In a first aspect, the present application provides a display panel comprising:

a plurality of first pixel groups, each of which is located in a first display region of the display panel and includes a plurality of first pixels;

a plurality of second pixel groups, each of which is located in a second display region of the display panel and includes a plurality of second pixels; the arrangement density of the first pixels in the first display area is smaller than that of the second pixels in the second display area; and

and the same first driving line drives all the first pixels in more than two first pixel groups.

In a second aspect, an embodiment of the present application provides a display device, including:

the above-described arbitrary display panel; and

the optical device is arranged on the display panel, emits and/or receives optical signals penetrating through the display panel, and the orthographic projection of the optical device on the display panel is positioned in the first display area.
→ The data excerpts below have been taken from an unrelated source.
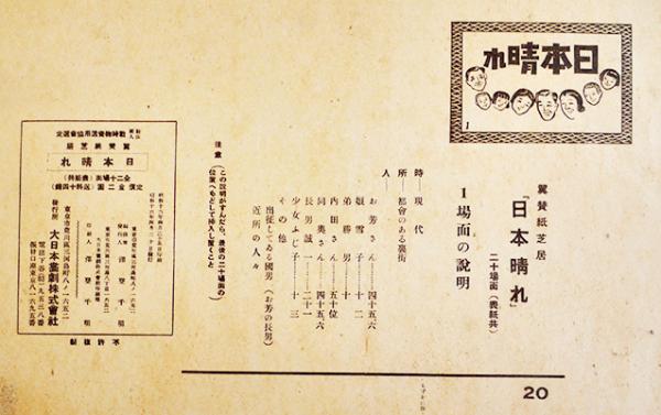 戦時紙芝居「日本晴れ」全20枚揃い (財)戦時物資活用協会編纂 大日本画劇(株) 昭和16年
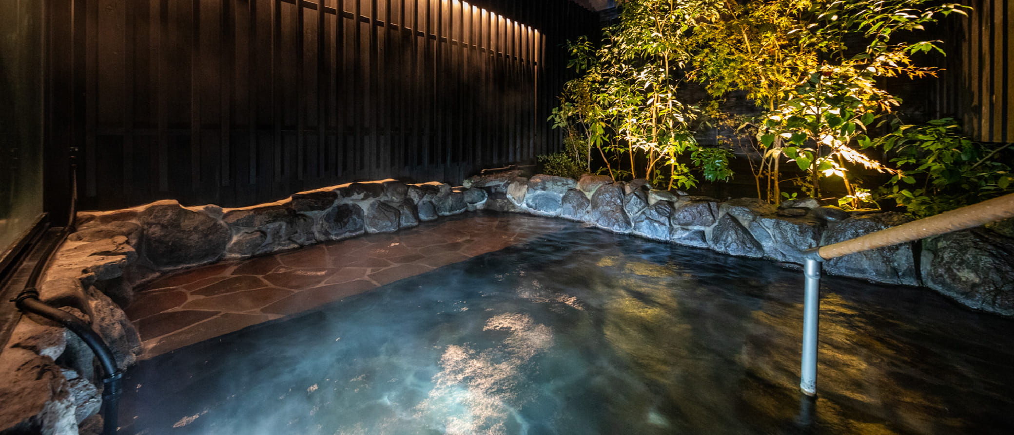 40平米の落ち着いた空間に、開放的な露天風呂と快適な内湯を完備。
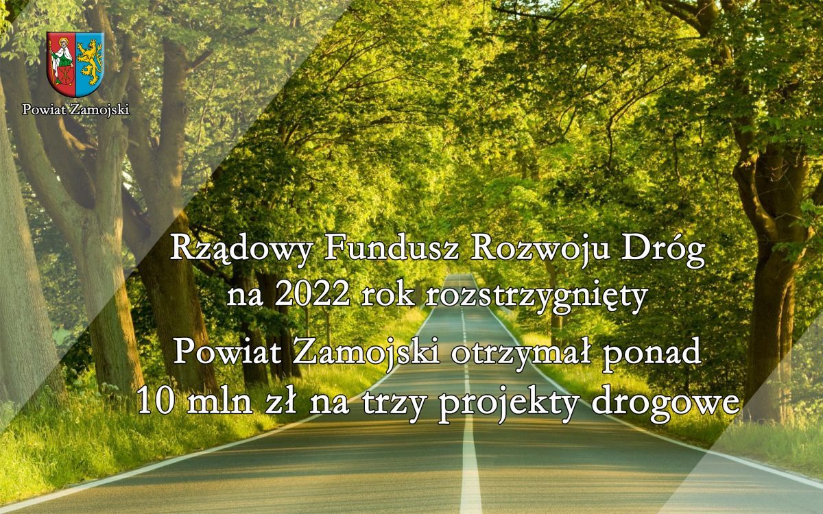 Powiat Zamość: Powiat Zamojski otrzymał ponad 10 mln zł na trzy projekty drogowe - Rządowy Fundusz Rozwoju Dróg na 2022 rok rozstrzygnięty
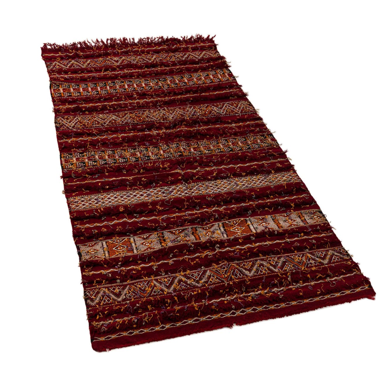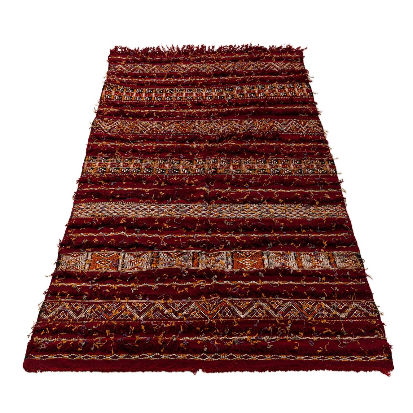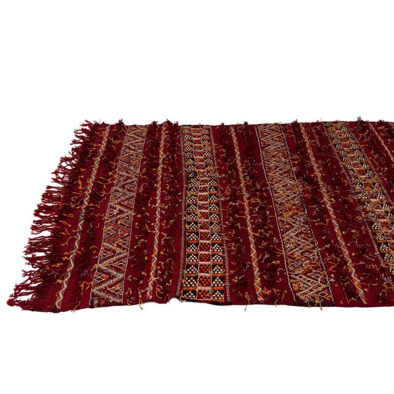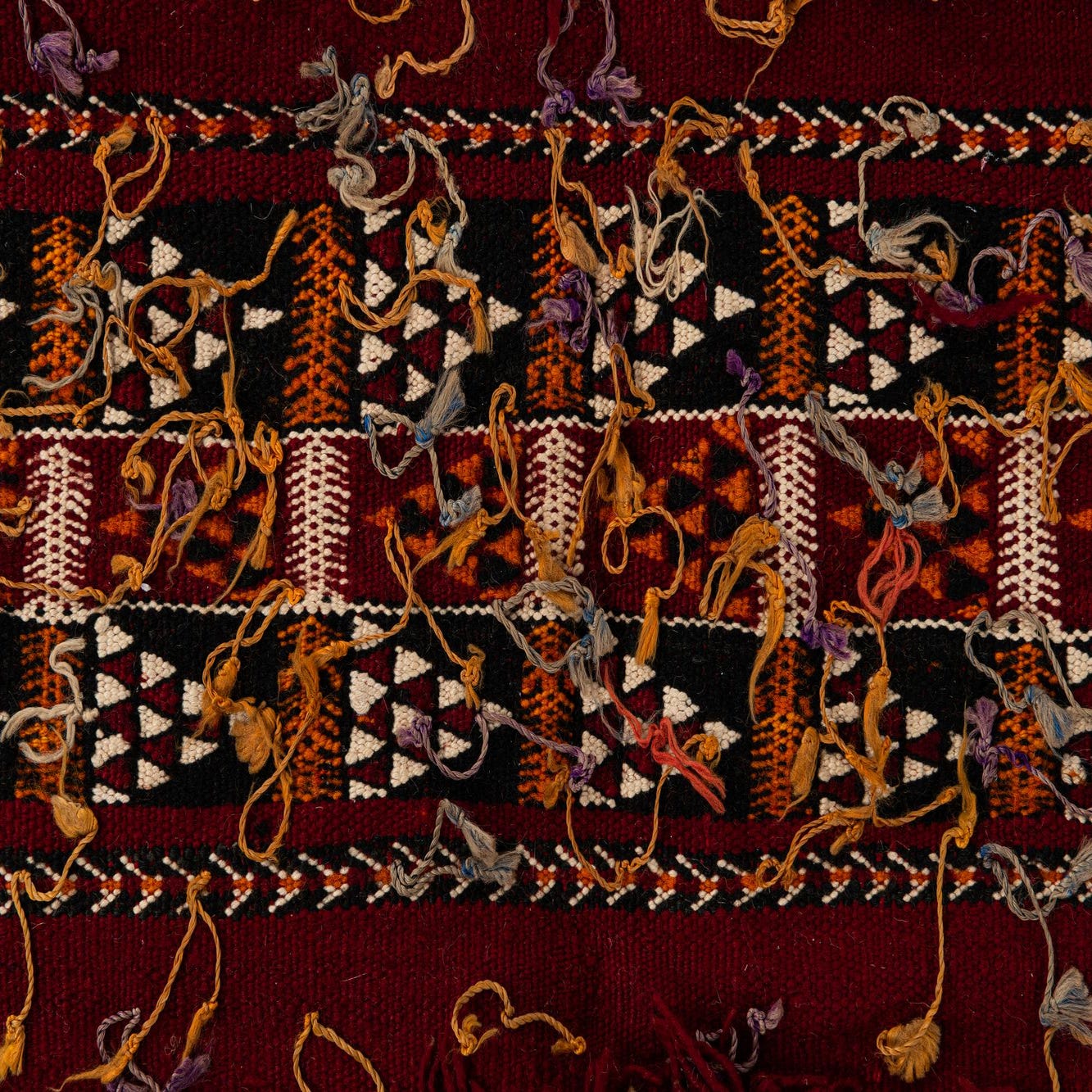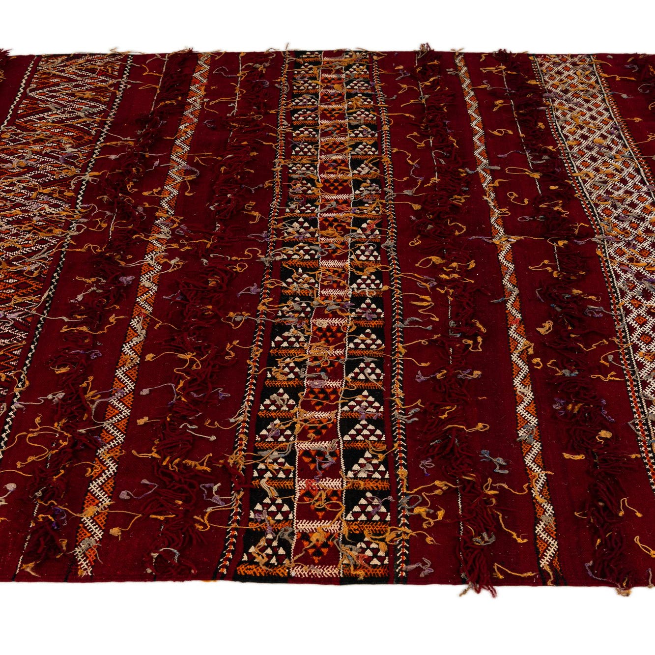 A 6x9 rectangular red wool shag rug with Southwestern and tribal patterns, featuring stripes of white, orange, and black geometric designs.
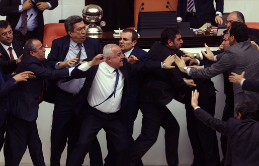 C’est une semaine particulièrement agitée qu’a connu le Parlement turc, théâtre de violentes altercations entre députés mardi et jeudi lors d’un débat houleux sur une loi controversée prévoyant une extension des pouvoirs de la police lors des manifestations, rapportent les médias locaux.
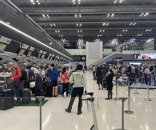Hành khách làm thủ tục tại sân bay sân bay quốc tế Suvarnabhumi (Thái Lan). (Ảnh: Huy Tiến/TTXVN)
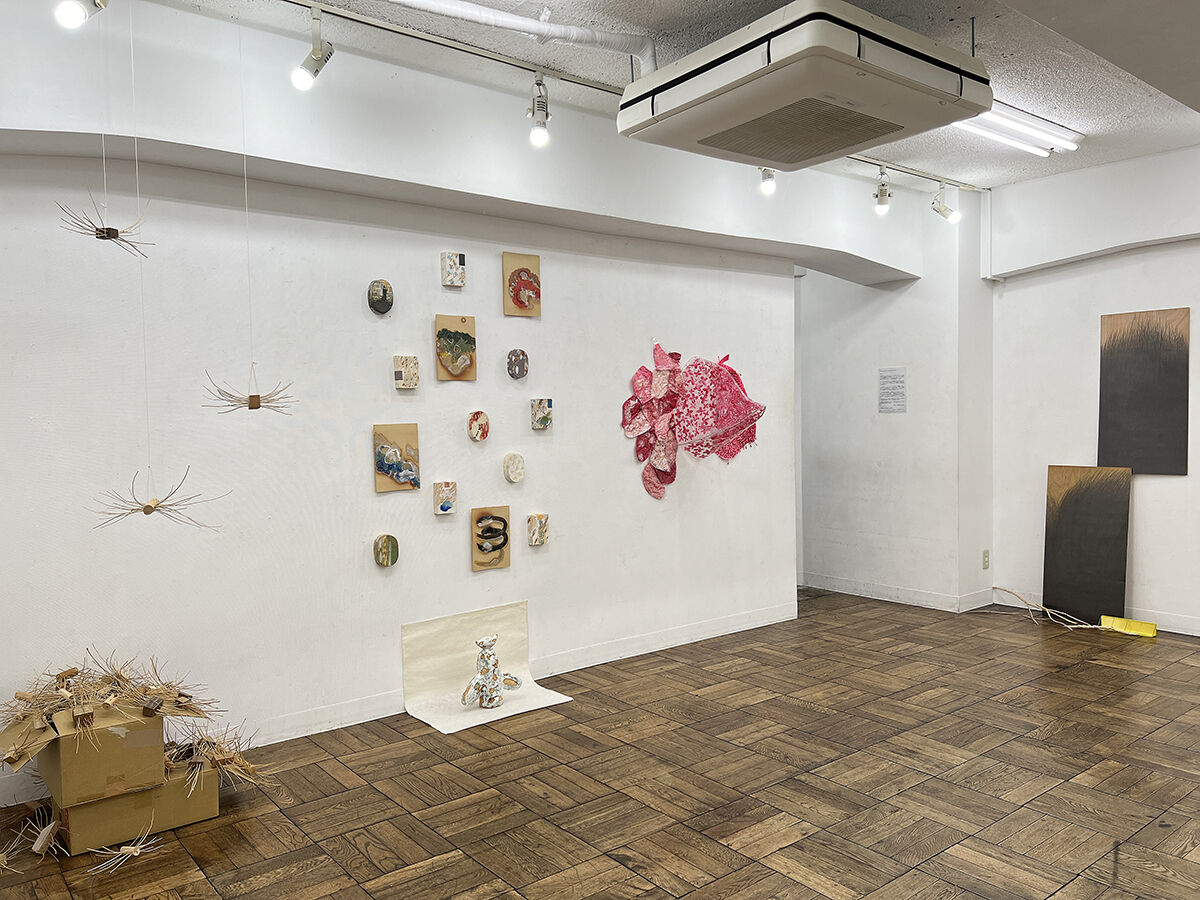 広田 美穂 《 たとえ耳がダンボになったとしても 》 壁にビニール, 針金, 布, 糸 /立体・インスタレーション

The application provides a display panel and display device, through with the density of arranging of first pixel in the first display area set up than the density of arranging of second pixel in the second display area little, the luminousness of first display area can be higher, and is less to optical device's performance's influence, consequently can set up optical device in the less first display area of pixel density to realize setting up optical device under the screen, impel display panel to comprehensive screen development. In addition, this application can reduce the line of walking through adopting same drive circuit to drive all first pixels of a plurality of first pixel groups, promotes the luminousness of first display area and simplifies the control procedure of the pixel in first display area.

Drawings

In order to more clearly illustrate the embodiments of the present application or the technical solutions in the prior art, the drawings used in the description of the embodiments or the prior art will be briefly described below, it is obvious that the drawings in the following description are only some embodiments of the present application, and other drawings can be obtained by those skilled in the art without creative efforts.

Fig. 1 is a schematic plan view of a display panel according to an embodiment of the present disclosure;

fig. 2 is a schematic plan view illustrating another display panel according to an embodiment of the present disclosure;

fig. 3 is a schematic view of a pixel arrangement of a display panel according to an embodiment of the present disclosure;

FIG. 4 is a schematic diagram of traces of the pixel in FIG. 3;

fig. 5 is a schematic routing diagram of pixels in a first display area of a display panel according to an embodiment of the present disclosure;

fig. 6 is a schematic view illustrating another routing of pixels in a first display area of a display panel according to an embodiment of the present disclosure;

fig. 7 is a schematic routing diagram of another pixel arrangement of the display panel according to the embodiment of the present disclosure;

fig. 8 is a schematic view illustrating another routing of pixels in a first display area of a display panel according to an embodiment of the present disclosure;

fig. 9 is a schematic routing diagram of pixels in a first display area of a display panel according to an embodiment of the present disclosure;

fig. 10 is a schematic trace diagram of another pixel arrangement of the display panel according to the embodiment of the present disclosure.

Detailed Description

In order to make the objects, technical solutions and advantages of the present application more apparent, the present application is described in further detail below with reference to the accompanying drawings and embodiments. It should be understood that the specific embodiments described herein are merely illustrative of the present application and are not intended to limit the present application.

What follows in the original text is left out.